- Location: Campeche; Tabasco; Veracruz;
- Coordinates: 20°00′00″N 94°00′00″W﻿ / ﻿20.00000°N 94.00000°W
- Part of: Campeche Bank; Campeche Knolls; Laguna de Términos;
- Ocean/sea sources: Gulf of Mexico
- Basin countries: Mexico
- Max. length: 152 nautical miles (175 mi; 282 km)
- Max. width: 378 nautical miles (435 mi; 700 km)
- Surface area: 41,909 square nautical miles (55,500 sq mi; 143,740 km^{2})
- Islands: Triángulo Sur; Triángulo Oeste; Triángulo Este; Cayos Arcas;

= Bay of Campeche =

Bight in the southern area of the Gulf of Mexico

The Bay of Campeche (Bahía de Campeche), or Campeche Sound, is a bight in the southern area of the Gulf of Mexico, forming the north side of the Isthmus of Tehuantepec. It is surrounded on three sides by the Mexican states of Campeche, Tabasco and Veracruz. The area of the bay is 6000 sqmi and maximum depth of the bay is approximately 180 ft. It was named by Francisco Hernández de Córdoba and Antón de Alaminos during their expedition in 1517.

==Oil resources==
The Cantarell Complex of five oil fields lies beneath the Bay of Campeche. In 2003, it was the second most productive oil field in the world, then supplying about two thirds of Mexico's crude oil output, but it went into a steep decline soon thereafter.
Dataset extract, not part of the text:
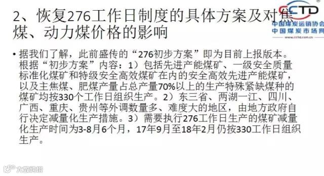 第二点是恢复276工作日制度的具体方案及对焦煤、动力煤的价格影响。今年年初出台了276工作日制度的草案,出台的背景是预计2017年煤炭总需求为39到40亿吨,而考虑到减量置换和增减挂钩、新投产煤矿生产能力、煤炭进口及去产能等因素,煤炭的总供给约为40到42亿吨,总体上还是处于供大于求,所以应该继续执行276个工作日(276是在330的基础上减去节假日),并对实施范围和具体措施进行调整完善,保障煤炭市场的稳定和能源的安全,避免煤炭价格的大起大落。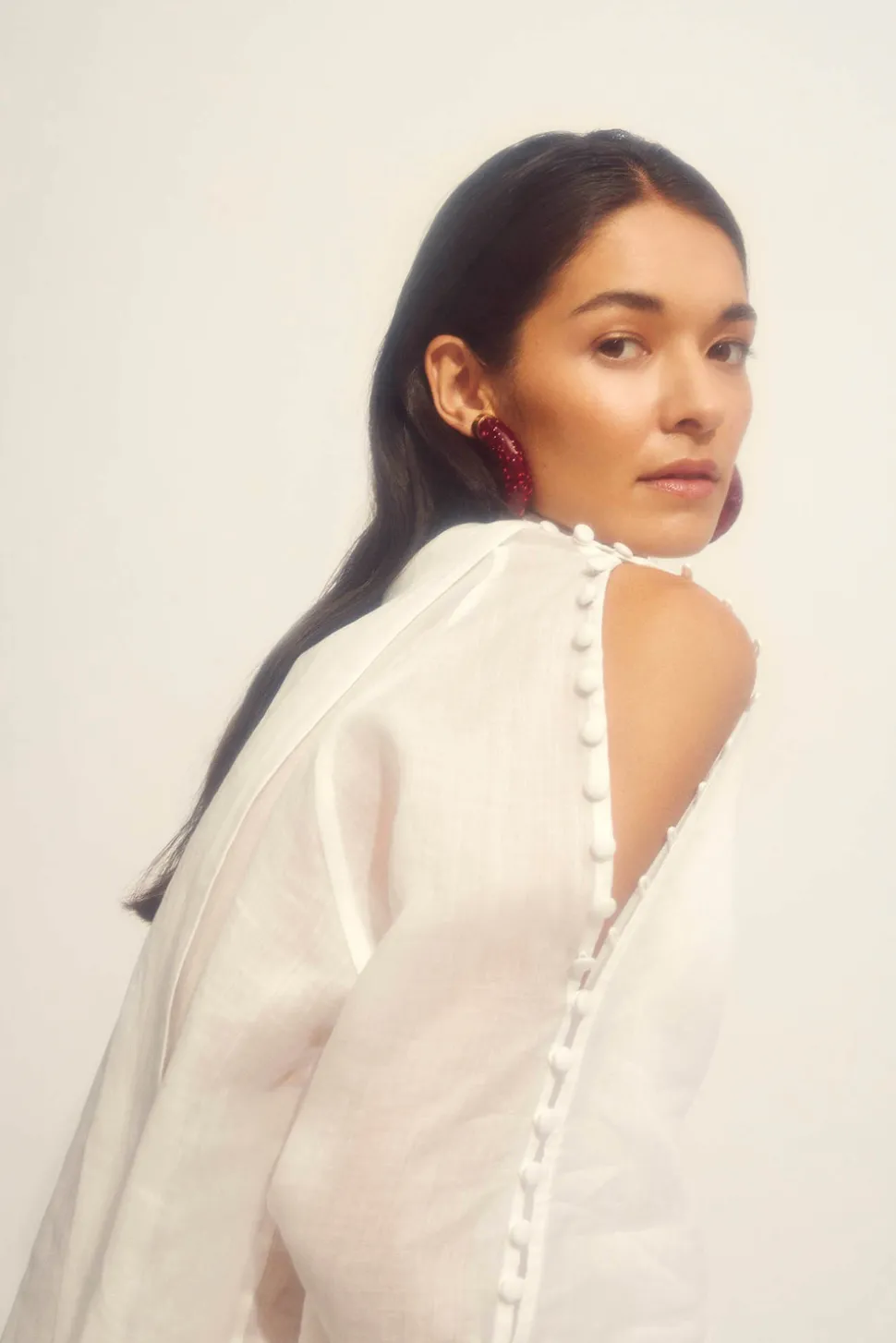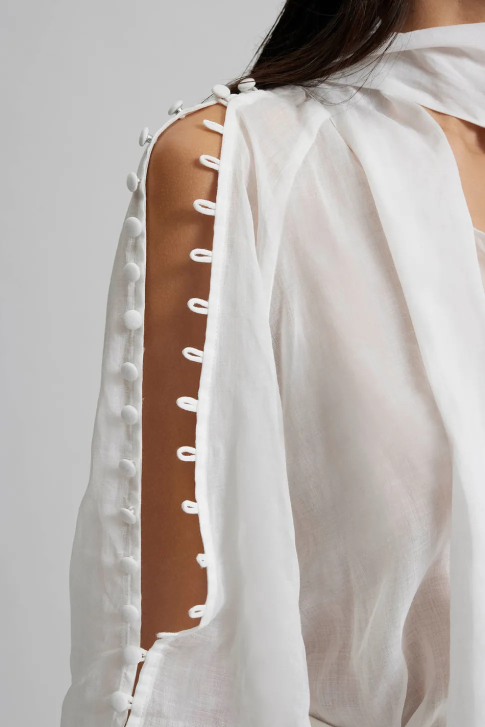 Långärmad blus med öppen axel, knyts i halsen och med knappdetaljer.

On June 3, 1979, Ixtoc I, an exploratory oil well located in the bay, suffered a blowout that caused a catastrophic explosion, resulting in what has been ranked as the third largest unintentional oil spill in history.

==Climate==
During the months of June and July, the Bay of Campeche is considered one of the "hot" breeding spots for Atlantic hurricanes.

It experiences strong winds from the north from November into February along its western edge, with the winds ultimately funneling between the mountains and out into the Pacific near Salina Cruz.

On the other hand, the bay is also known for being a hurricane "graveyard", with unusually weak steering currents in the area causing hurricanes to slow down and meander, starving themselves (for example, Hurricane Roxanne in 1995). The bay is also considered the eastern border on the main migration routes for birds in the Americas.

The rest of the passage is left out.